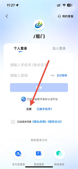 3、在i厦门的注册页面,点击下方注册选项,进入注册页面。
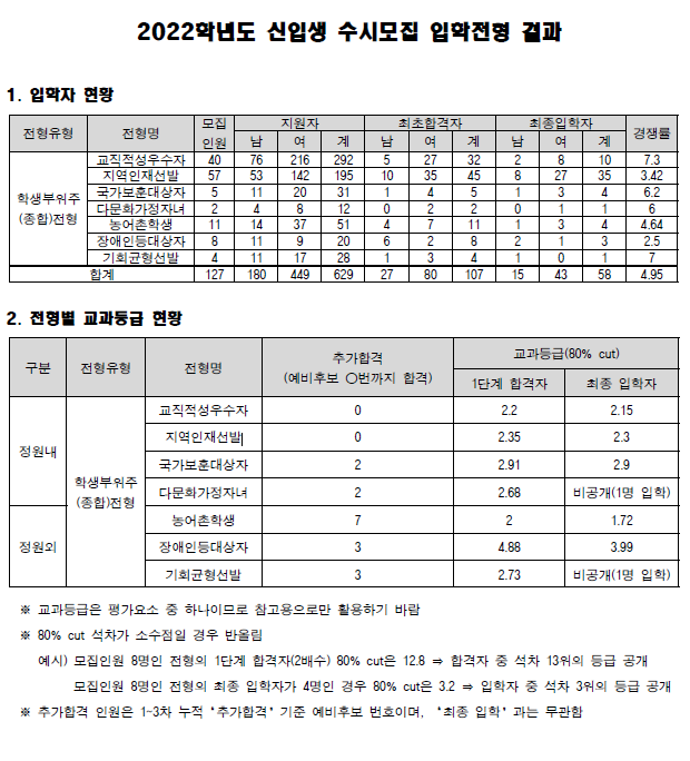 | 2022학년도 전남대학교 수시, 정시 입시결과(커트라인) (0) | 2022.05.23 |
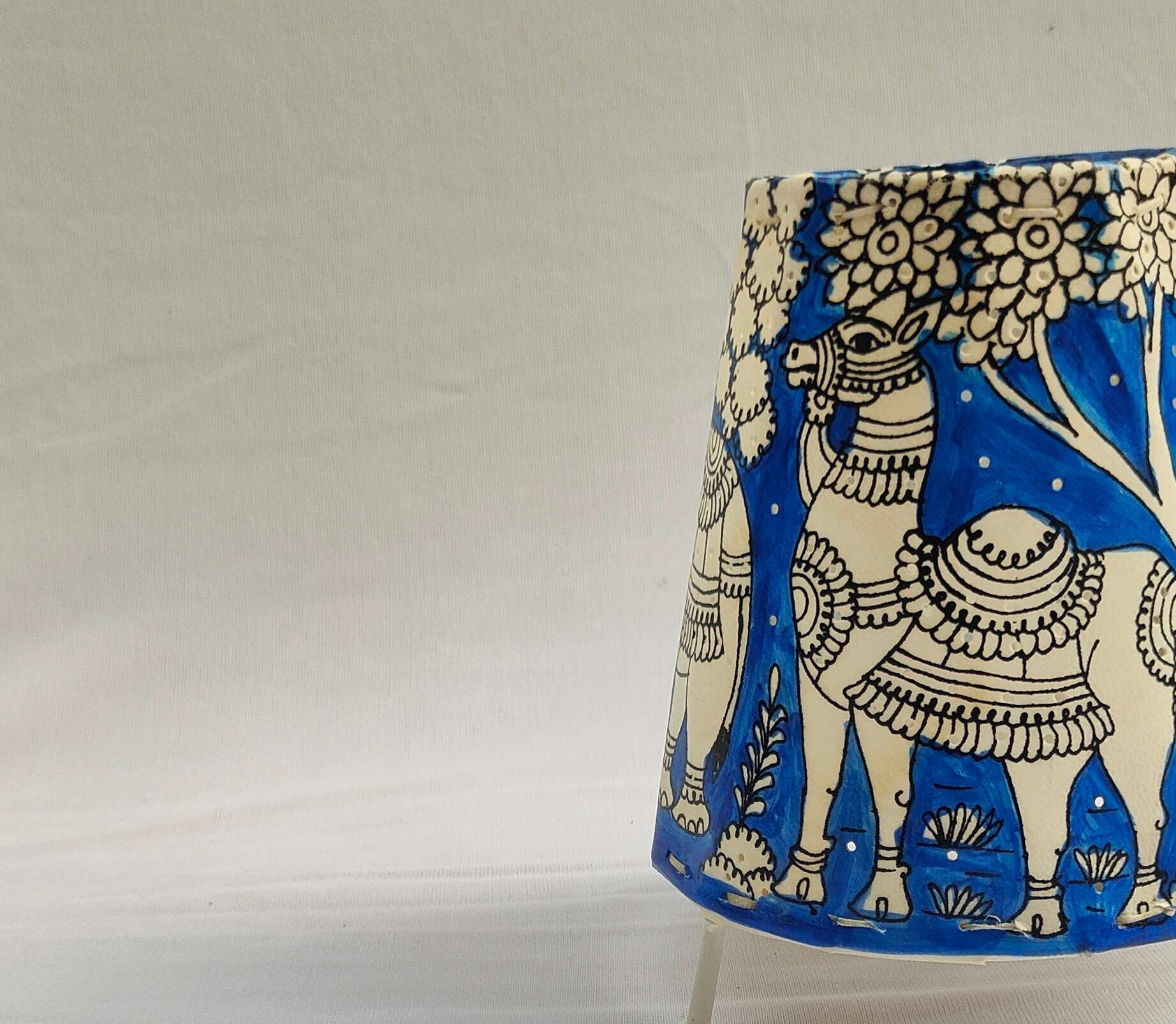 Brighten your space with the charm of traditional craftsmanship! This 5-inch handcrafted leather lamp features beautifully detailed animal motifs inspired by the rich heritage of Nimmalakunta’s Tholubommalata leather puppetry. Made using natural dyes and traditional techniques, each lamp radiates a warm, soothing glow, making it a perfect accent for your living room, study, or bedside table.
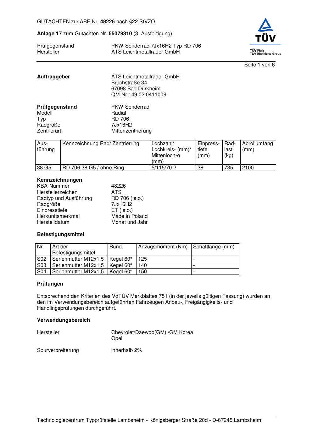 Dieses Gutachten (abe) bezieht sich auf die Alufelge ATS RD 706 in der Ausführung 7Jx16 ET 0, Mittenloch 0 mm (KBA 48226). Im PDF findest du typischerweise zulässige Reifengrößen, Auflagen/Anbauhinweise und – je nach Dokument – Hinweise zur Eintragung.
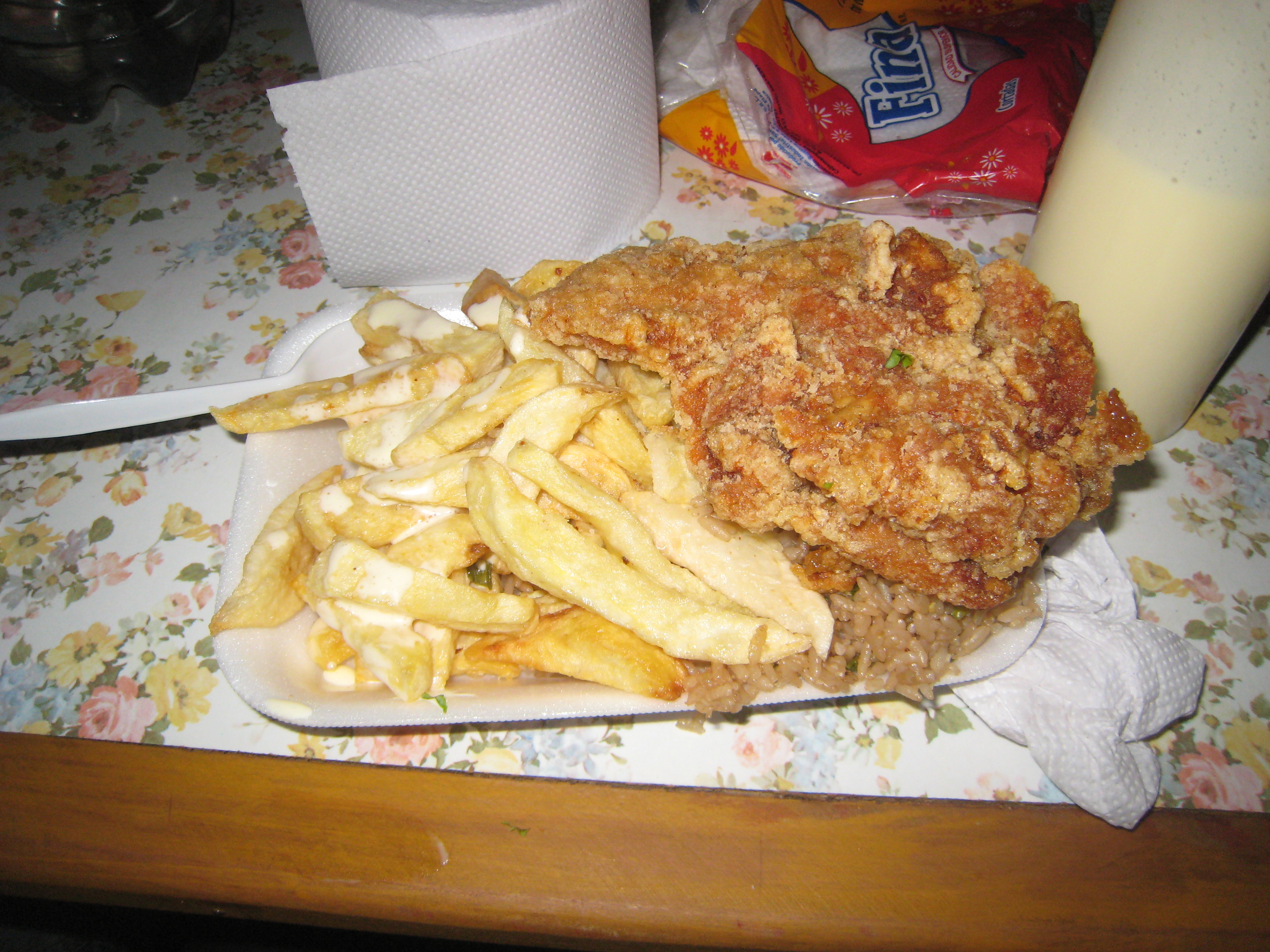 Pollo y arroz frito con patatas (Nazca, Peru)

* Task directions
Word for word, give the data above again, without any images.

* Exercise response
 3、在i厦门的注册页面,点击下方注册选项,进入注册页面。
 | 2022학년도 전남대학교 수시, 정시 입시결과(커트라인) (0) | 2022.05.23 |
 Brighten your space with the charm of traditional craftsmanship! This 5-inch handcrafted leather lamp features beautifully detailed animal motifs inspired by the rich heritage of Nimmalakunta’s Tholubommalata leather puppetry. Made using natural dyes and traditional techniques, each lamp radiates a warm, soothing glow, making it a perfect accent for your living room, study, or bedside table.
 Dieses Gutachten (abe) bezieht sich auf die Alufelge ATS RD 706 in der Ausführung 7Jx16 ET 0, Mittenloch 0 mm (KBA 48226). Im PDF findest du typischerweise zulässige Reifengrößen, Auflagen/Anbauhinweise und – je nach Dokument – Hinweise zur Eintragung.
 Pollo y arroz frito con patatas (Nazca, Peru)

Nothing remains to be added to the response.